Colline d’Antananarivo: un risque d’éboulement imminent menace 1.490 foyers

Les hauteurs d’Antananarivo retiennent leur souffle. En pleine saison des pluies, un danger silencieux mais bien réel plane sur plusieurs quartiers. Une vingtaine de blocs rocheux, pesant chacun plusieurs tonnes, présentent aujourd’hui des fissures inquiétantes dans les zones en altitude. Fragilisés par les pluies continues, ces rochers pourraient céder à tout moment, exposant près de 1.490 habitations à un risque majeur d’éboulement.

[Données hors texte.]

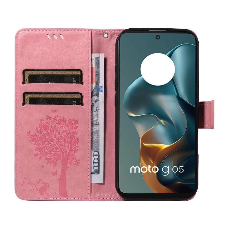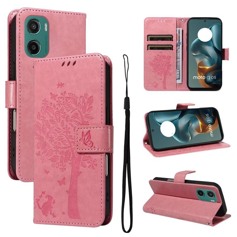 Θήκη τηλεφώνου από δέρμα με σχέδιο αναγλύφου δέντρου & γάτας για Motorola Moto G05 (Ροζ)
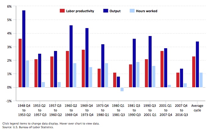 Figure 1: Annual Growth Rates – Productivity, Output and Hours, 1948 to 2016

La menace est sérieuse. Les techniciens du Bu­reau national de gestion des risques et des catastrophes (BNGRC), l’ont confirmé dans une annonce urgente postée hier soir sur la page Facebook de cet organisme. « Même un simple impact de foudre peut suffire à provoquer la chute de ces blocs », alertent-ils. Un scénario re­douté, alors que les intempéries persistent sur la capitale.
Les quartiers les plus exposés se situent sur les collines et leurs alentours. An­kadilalana compte à lui seul 130 maisons gravement me­nacées, Ambohipotsy 170, Faliarivo Ambanidia 110, tandis qu’Ankazotokana Am­bony, Andafiavaratra et Ambohitsiroavana totalisent au moins 320 habitations à risque, sans compter d’autres zones déjà sous surveillance.
Face à l’urgence, les autorités ont enclenché la riposte. Une réunion d’urgence, con­duite par le Préfet de Police d’Antananarivo, s’est tenue hier afin d’anticiper des dé­cisions rapides et opéra­tionnelles. La Préfecture, le BNGRC et la Commune ur­baine d’Antananarivo (CUA) ont affirmé leur engagement à prendre les mesures nécessaires pour protéger les po­pulations exposées.

Inquiétudes

Au-delà des chiffres, l’inquiétude est palpable chez les habitants des hauteurs.
« Chaque nuit de pluie, nous dormons d’un seul œil. On entend parfois des craquements dans la colline, et on se demande si la roche ne va pas céder », confie un père de famille d’Ankadilalana. A Ambohi­po­tsy, une riveraine raconte vivre dans l’angoisse permanente. « Quand il pleut fort ou quand il y a de l’orage, on rassemble les enfants et on se tient prêts à fuir. Nous n’avons nulle part où aller, mais rester est aussi une peur constante», a-t-elle témoigné.
Pour beaucoup, l’attente de mesures concrètes est devenue urgente. « Nous espérons que les autorités agiront vite, avant qu’un drame ne survienne », plaide un habitant d’Ambanidia. Dans une capitale déjà éprouvée par les aléas climatiques, ces voix rappellent que derrière les statistiques, ce sont des familles entières qui vivent sous la menace, jour et nuit.